EXERCISE DATA:

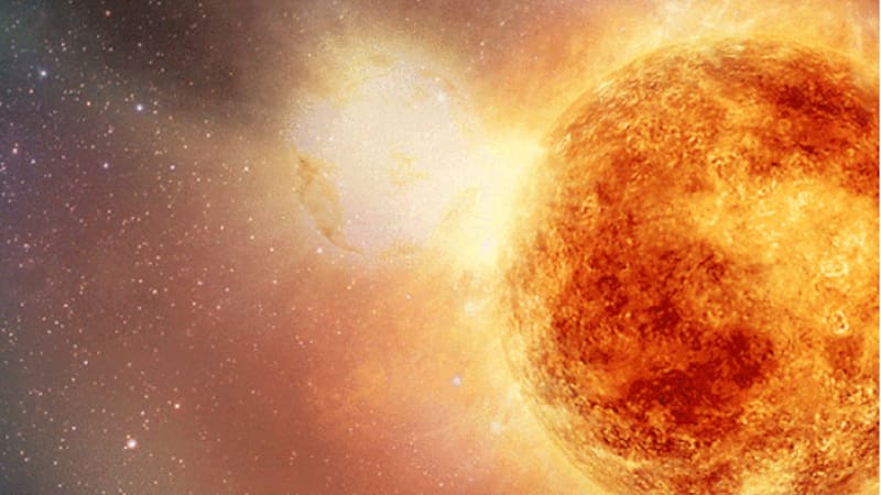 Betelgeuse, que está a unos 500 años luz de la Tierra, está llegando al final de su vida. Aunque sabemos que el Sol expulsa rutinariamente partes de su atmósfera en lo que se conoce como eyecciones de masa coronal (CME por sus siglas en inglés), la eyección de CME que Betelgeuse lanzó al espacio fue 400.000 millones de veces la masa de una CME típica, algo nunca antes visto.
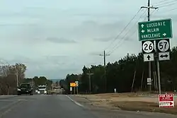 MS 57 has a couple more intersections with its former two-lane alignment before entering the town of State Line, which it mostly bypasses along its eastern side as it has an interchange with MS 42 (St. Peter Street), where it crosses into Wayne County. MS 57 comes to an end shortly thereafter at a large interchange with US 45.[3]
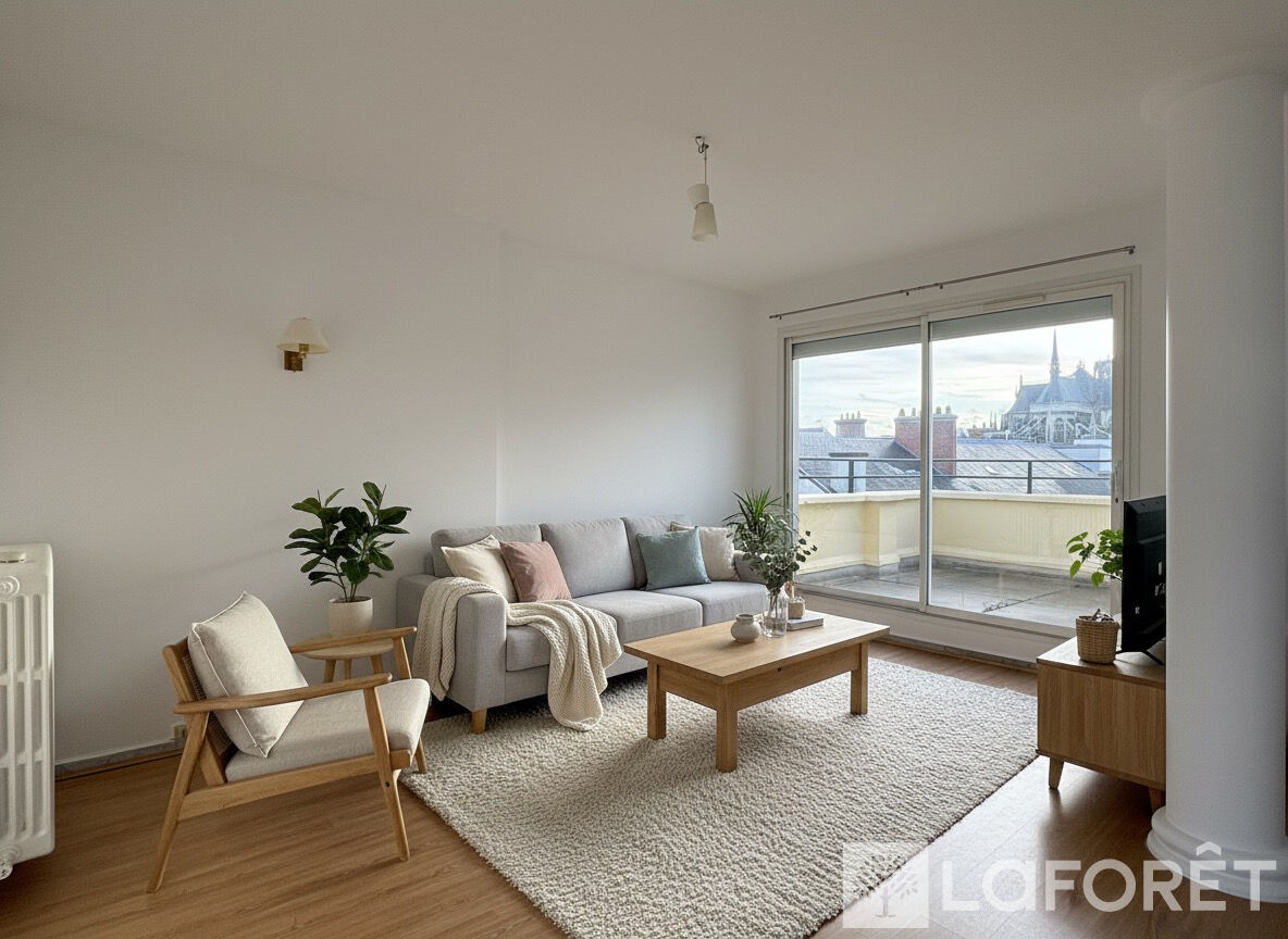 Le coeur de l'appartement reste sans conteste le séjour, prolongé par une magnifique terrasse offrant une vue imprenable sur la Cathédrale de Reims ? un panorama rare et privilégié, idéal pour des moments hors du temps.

WHAT NEEDS TO BE DONE:
Apart from the pictures, every line of the material above is to be returned word for word.

TASK ANSWER:
 Betelgeuse, que está a unos 500 años luz de la Tierra, está llegando al final de su vida. Aunque sabemos que el Sol expulsa rutinariamente partes de su atmósfera en lo que se conoce como eyecciones de masa coronal (CME por sus siglas en inglés), la eyección de CME que Betelgeuse lanzó al espacio fue 400.000 millones de veces la masa de una CME típica, algo nunca antes visto.
 MS 57 has a couple more intersections with its former two-lane alignment before entering the town of State Line, which it mostly bypasses along its eastern side as it has an interchange with MS 42 (St. Peter Street), where it crosses into Wayne County. MS 57 comes to an end shortly thereafter at a large interchange with US 45.[3]
 Le coeur de l'appartement reste sans conteste le séjour, prolongé par une magnifique terrasse offrant une vue imprenable sur la Cathédrale de Reims ? un panorama rare et privilégié, idéal pour des moments hors du temps.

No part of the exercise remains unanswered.